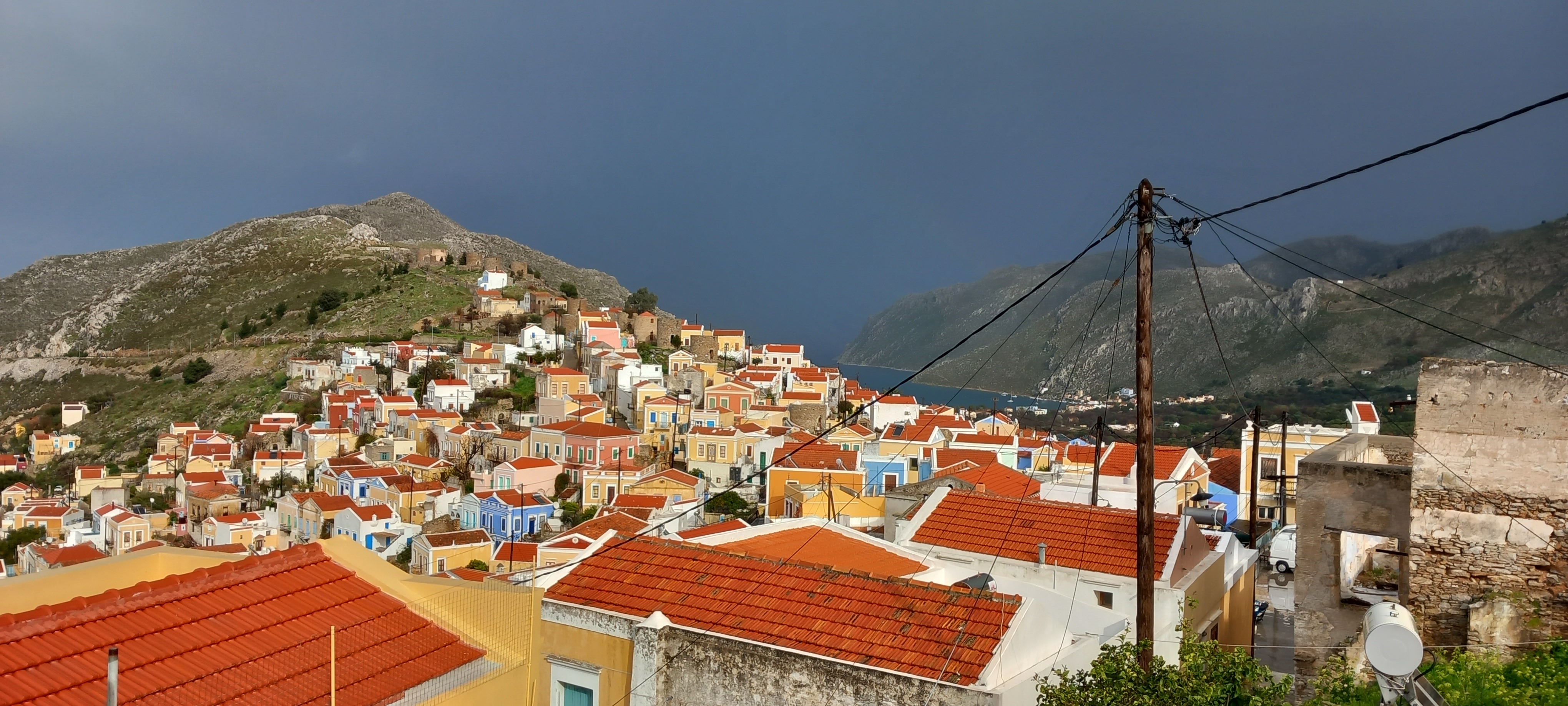 Weather check. Wet and stormy on Friday, so bad that there were no boats, so I was right to change my appointment in Rhodes; I’d never have got there in time. Better over the weekend, but still cloudy, warm, 80% humidity on Sunday morning, though a bright and clear day, and the wind dropped. Today’s tasks include buying boat tickets for Wednesday, only €11.00 return with the Blue Star after my discount, and with my M.A.N. card, I’ll eventually get some of that back into my bank. The doctor’s checkup will cost me €20.00 under my insurance, and if I have a giros for lunch and do nothing for the rest of the day but walk, the whole day away should cost me no more than €40.00. You can bet it will, though, because it’s a 10-hour day from getting on the boat to getting off, and all for a one-hour appointment, if that, so what else can one do but shop? I can’t even do that as funds currently don’t allow, so I intend to wander as I wait for the day to pass.
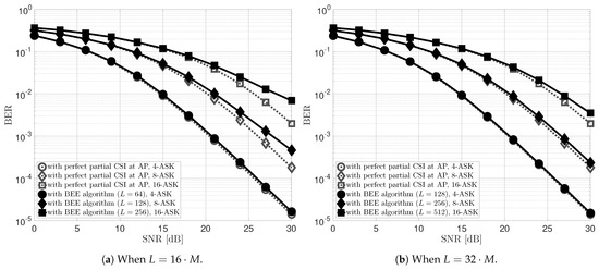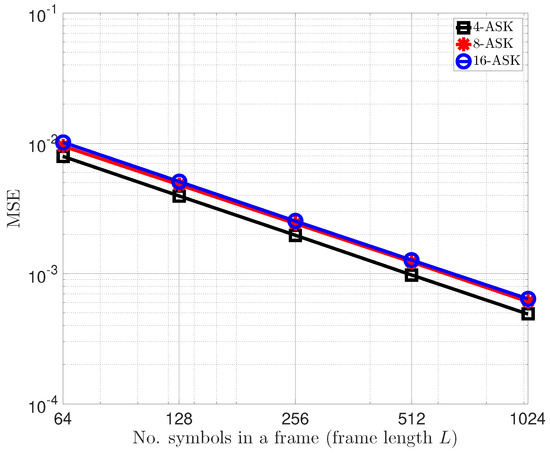 Figure 3 shows the BER performance of the proposed uplink STLC-NOMA system with the BEE scheme designed in Section 4. Here, 2-ASK is omitted because even the channel gain is not required in this case like the PSK constellation diagram. Specifically, as shown in the first column in Figure 1a, the AP can detect the signals transmitted from STAs by distinguishing only the quadrant. The transmit powers and large-scale fading components of both STAs are still set to and , respectively. For the BEE algorithm, the maximum number of iterations of the EM loop was set to 100, and . Moreover, we set the frame length of each STA to in Figure 3a and in Figure 3b, according to the modulation order M. We can observe from Figure 3 that since the accuracy of the clustering method depends on the number of available data points (the number of symbols in a frame), as shown in Figure 4, the longer the frame length, the better the BER performance. For example, with an SNR of 30 dB and modulation orders of 8 and 16, the BER performance is improved by almost 50% when compared to when . On the other hand, the proposed BEE algorithm has a trade-off between accuracy and frame length. Specifically, the BEE algorithm has computational complexity depending on the frame length L and modulation order M; hence the complexity linearly increases as the frame length increases. Figure 4 depicts the average mean squared error (MSE) of the estimated energies for both STAs, defined as , when the transmit SNRs of the two STAs are 30 dB, i.e., dB. We can observe that the MSE of the BEE algorithm has linearly improved with respect to the frame length in the log-log domain. As earlier mentioned, the more symbols within a frame, the more observations available at the AP, resulting in the MSE improvement. Figure 3 and Figure 4 also show that the designed BEE scheme works well enough for short-length frames.
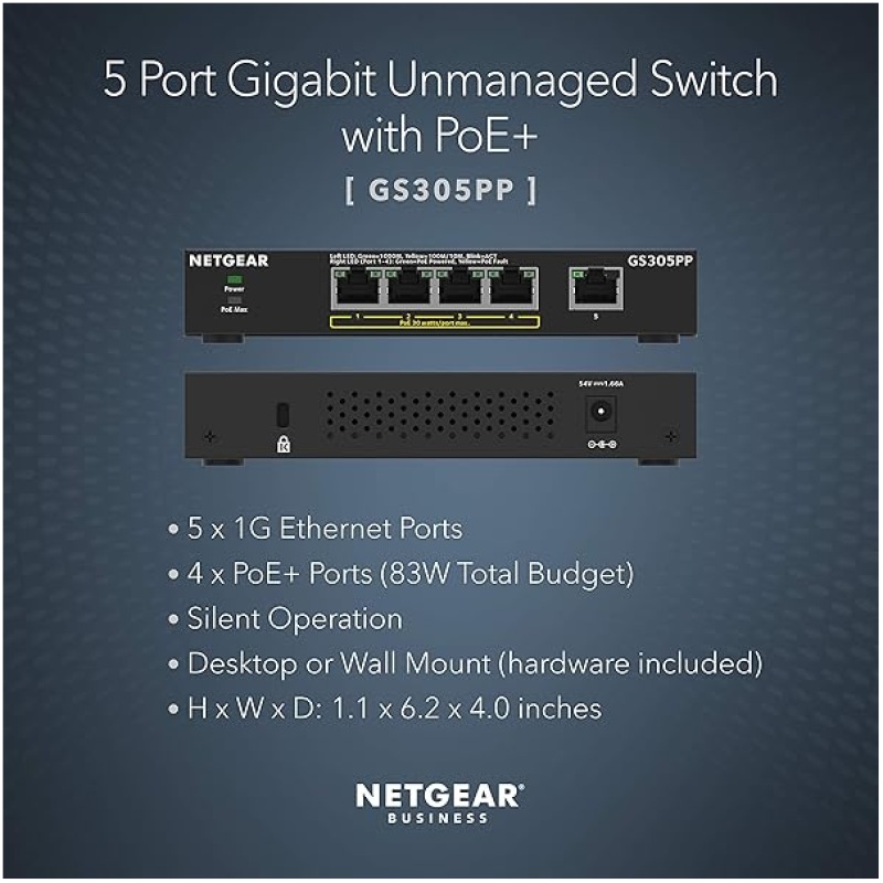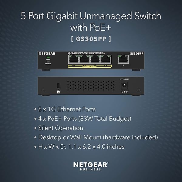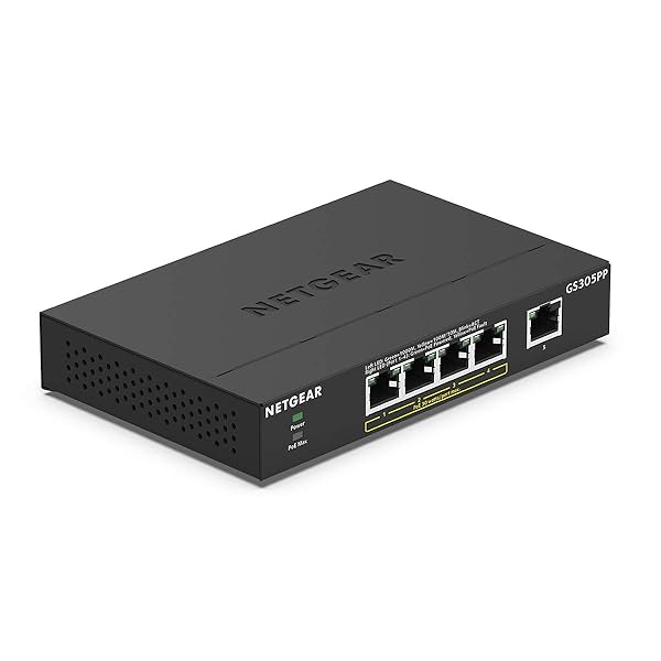 NETGEAR PoE Switch 5 Port Gigabit Ethernet Unmanaged Network Switch (GS305PP) with 4 x PoE Plus at 83 W, Desktop or Wall Mount
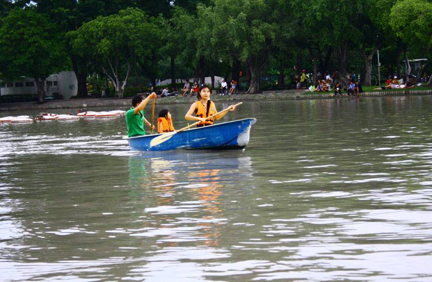Каждый занят своими мыслями или разговорами, делает нужные ему дела, спит, бегает, катается на лодке, не обращая внимание на остальных. Кроме одной симпатичной, бегающей тайки, которая незаметно подошла сзади, села ко мне на лавочку и попросила сфотографироваться вместе на ее телефон, что, в общем, и сделала

- _GOAL OF THE EXERCISE_
Take the listing above and print it exactly, apart from the pictures.

- _OUTPUT OF THE EXERCISE_
 Weather check. Wet and stormy on Friday, so bad that there were no boats, so I was right to change my appointment in Rhodes; I’d never have got there in time. Better over the weekend, but still cloudy, warm, 80% humidity on Sunday morning, though a bright and clear day, and the wind dropped. Today’s tasks include buying boat tickets for Wednesday, only €11.00 return with the Blue Star after my discount, and with my M.A.N. card, I’ll eventually get some of that back into my bank. The doctor’s checkup will cost me €20.00 under my insurance, and if I have a giros for lunch and do nothing for the rest of the day but walk, the whole day away should cost me no more than €40.00. You can bet it will, though, because it’s a 10-hour day from getting on the boat to getting off, and all for a one-hour appointment, if that, so what else can one do but shop? I can’t even do that as funds currently don’t allow, so I intend to wander as I wait for the day to pass.
 Figure 3 shows the BER performance of the proposed uplink STLC-NOMA system with the BEE scheme designed in Section 4. Here, 2-ASK is omitted because even the channel gain is not required in this case like the PSK constellation diagram. Specifically, as shown in the first column in Figure 1a, the AP can detect the signals transmitted from STAs by distinguishing only the quadrant. The transmit powers and large-scale fading components of both STAs are still set to and , respectively. For the BEE algorithm, the maximum number of iterations of the EM loop was set to 100, and . Moreover, we set the frame length of each STA to in Figure 3a and in Figure 3b, according to the modulation order M. We can observe from Figure 3 that since the accuracy of the clustering method depends on the number of available data points (the number of symbols in a frame), as shown in Figure 4, the longer the frame length, the better the BER performance. For example, with an SNR of 30 dB and modulation orders of 8 and 16, the BER performance is improved by almost 50% when compared to when . On the other hand, the proposed BEE algorithm has a trade-off between accuracy and frame length. Specifically, the BEE algorithm has computational complexity depending on the frame length L and modulation order M; hence the complexity linearly increases as the frame length increases. Figure 4 depicts the average mean squared error (MSE) of the estimated energies for both STAs, defined as , when the transmit SNRs of the two STAs are 30 dB, i.e., dB. We can observe that the MSE of the BEE algorithm has linearly improved with respect to the frame length in the log-log domain. As earlier mentioned, the more symbols within a frame, the more observations available at the AP, resulting in the MSE improvement. Figure 3 and Figure 4 also show that the designed BEE scheme works well enough for short-length frames.
 NETGEAR PoE Switch 5 Port Gigabit Ethernet Unmanaged Network Switch (GS305PP) with 4 x PoE Plus at 83 W, Desktop or Wall Mount
Каждый занят своими мыслями или разговорами, делает нужные ему дела, спит, бегает, катается на лодке, не обращая внимание на остальных. Кроме одной симпатичной, бегающей тайки, которая незаметно подошла сзади, села ко мне на лавочку и попросила сфотографироваться вместе на ее телефон, что, в общем, и сделала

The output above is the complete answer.